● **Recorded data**

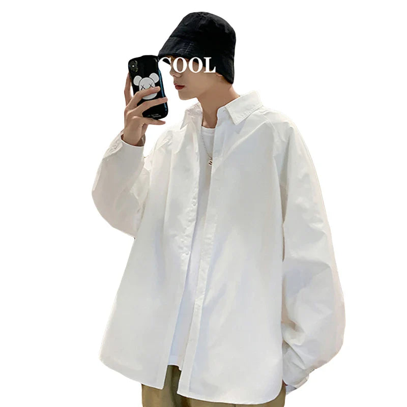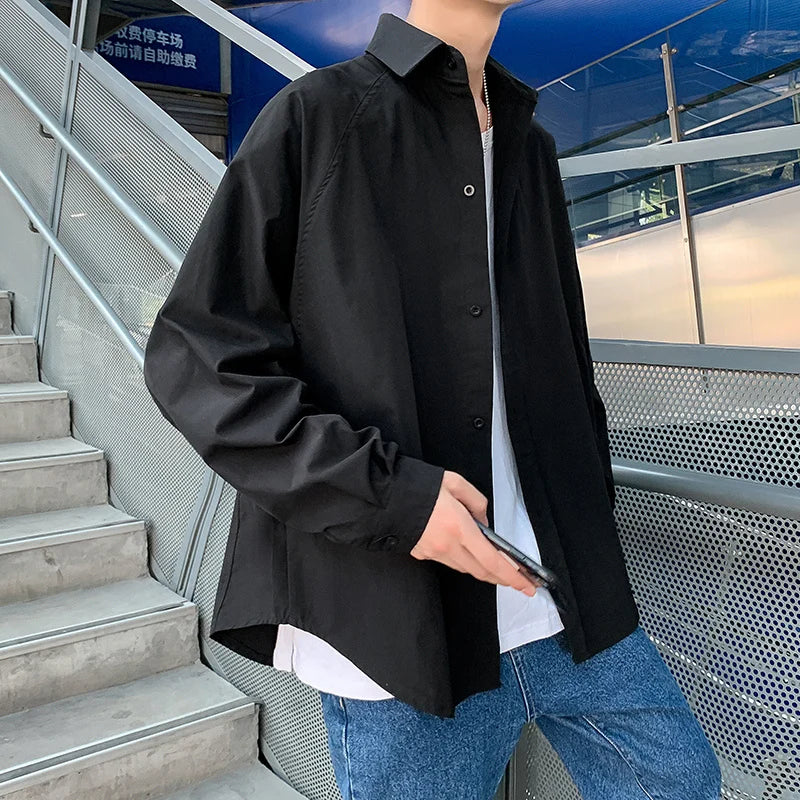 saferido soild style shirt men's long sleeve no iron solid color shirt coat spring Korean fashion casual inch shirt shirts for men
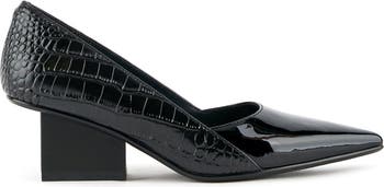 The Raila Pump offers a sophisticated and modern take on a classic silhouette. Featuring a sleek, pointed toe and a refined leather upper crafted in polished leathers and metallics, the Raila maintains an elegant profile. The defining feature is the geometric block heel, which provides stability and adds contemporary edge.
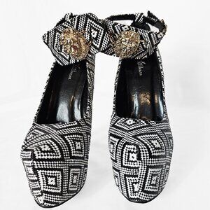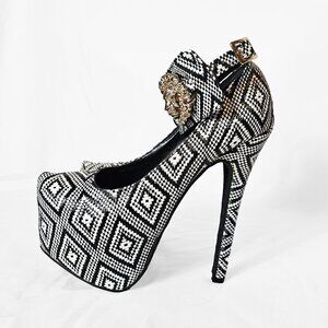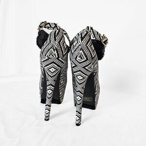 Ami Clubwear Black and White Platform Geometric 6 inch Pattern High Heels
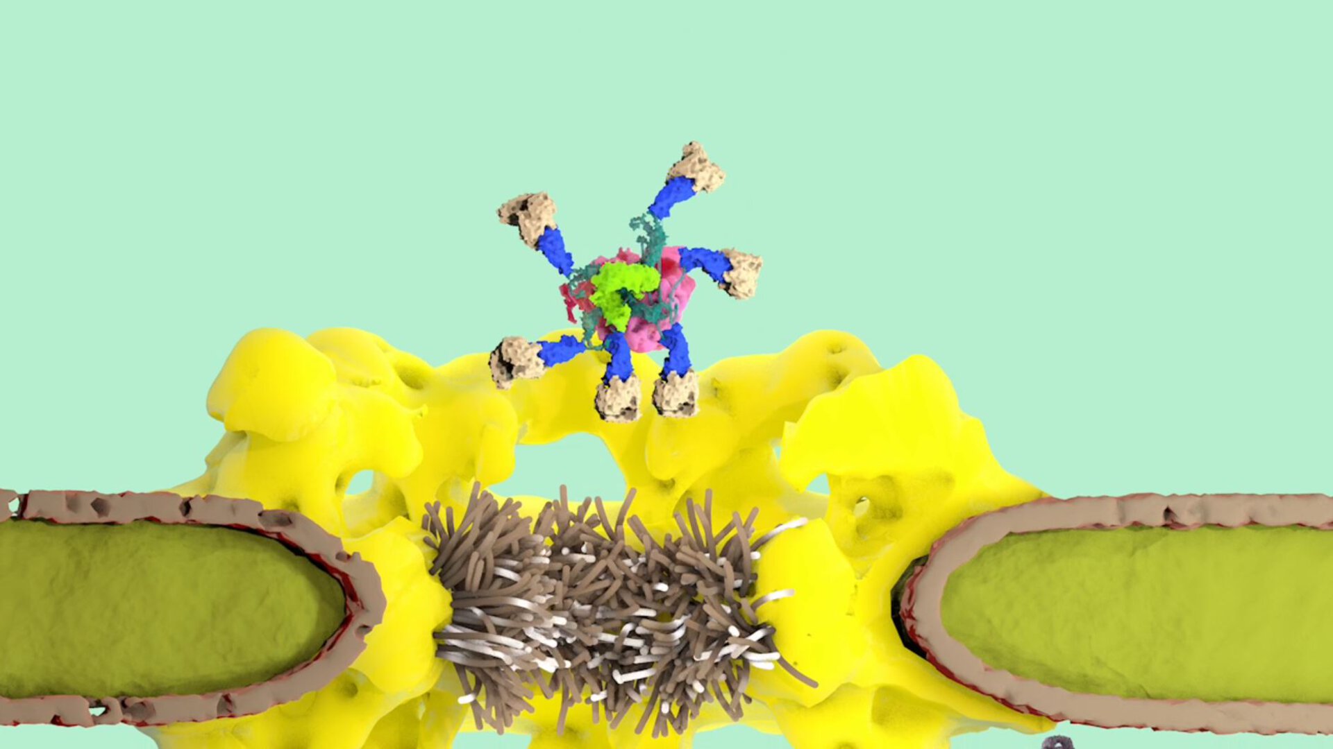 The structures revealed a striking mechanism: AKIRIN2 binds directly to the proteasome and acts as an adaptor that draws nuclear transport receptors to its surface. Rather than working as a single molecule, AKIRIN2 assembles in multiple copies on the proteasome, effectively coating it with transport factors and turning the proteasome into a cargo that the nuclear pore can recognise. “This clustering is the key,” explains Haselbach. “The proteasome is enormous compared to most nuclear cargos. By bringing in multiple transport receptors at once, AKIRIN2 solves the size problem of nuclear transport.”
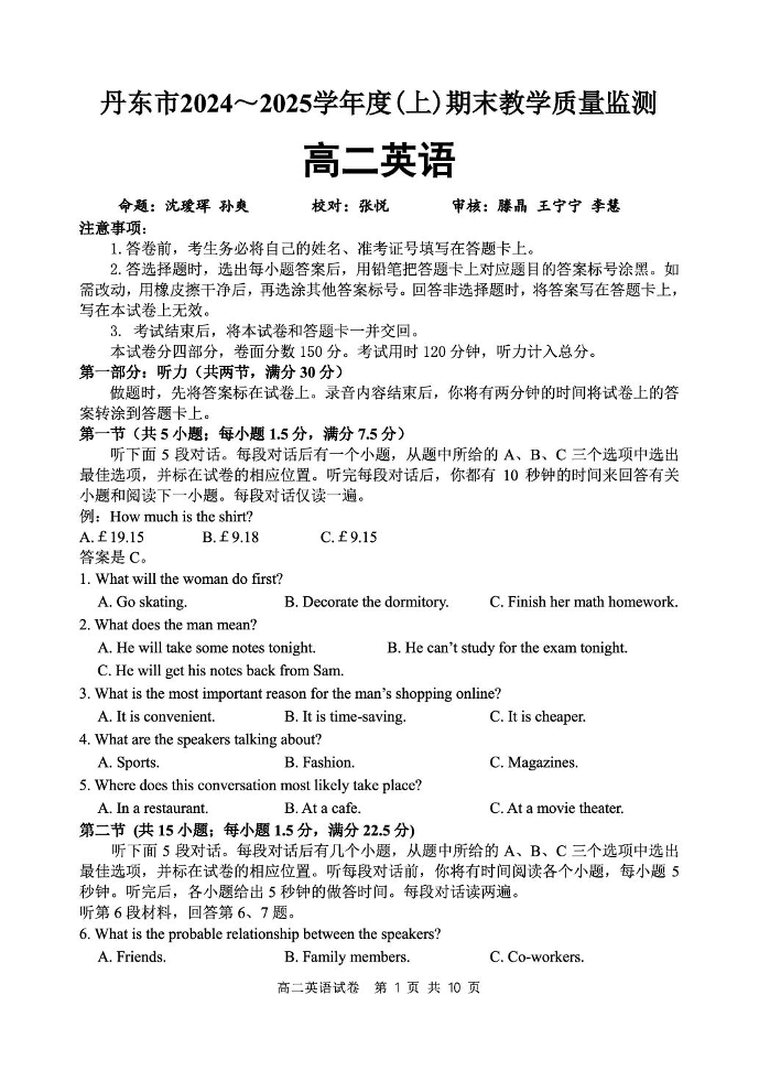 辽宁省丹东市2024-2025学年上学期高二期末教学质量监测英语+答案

● **Problem description**
Please write out all of the data verbatim, with no pictures in the copy.

● **Task result**
 saferido soild style shirt men's long sleeve no iron solid color shirt coat spring Korean fashion casual inch shirt shirts for men
 The Raila Pump offers a sophisticated and modern take on a classic silhouette. Featuring a sleek, pointed toe and a refined leather upper crafted in polished leathers and metallics, the Raila maintains an elegant profile. The defining feature is the geometric block heel, which provides stability and adds contemporary edge.
 Ami Clubwear Black and White Platform Geometric 6 inch Pattern High Heels
 The structures revealed a striking mechanism: AKIRIN2 binds directly to the proteasome and acts as an adaptor that draws nuclear transport receptors to its surface. Rather than working as a single molecule, AKIRIN2 assembles in multiple copies on the proteasome, effectively coating it with transport factors and turning the proteasome into a cargo that the nuclear pore can recognise. “This clustering is the key,” explains Haselbach. “The proteasome is enormous compared to most nuclear cargos. By bringing in multiple transport receptors at once, AKIRIN2 solves the size problem of nuclear transport.”
 辽宁省丹东市2024-2025学年上学期高二期末教学质量监测英语+答案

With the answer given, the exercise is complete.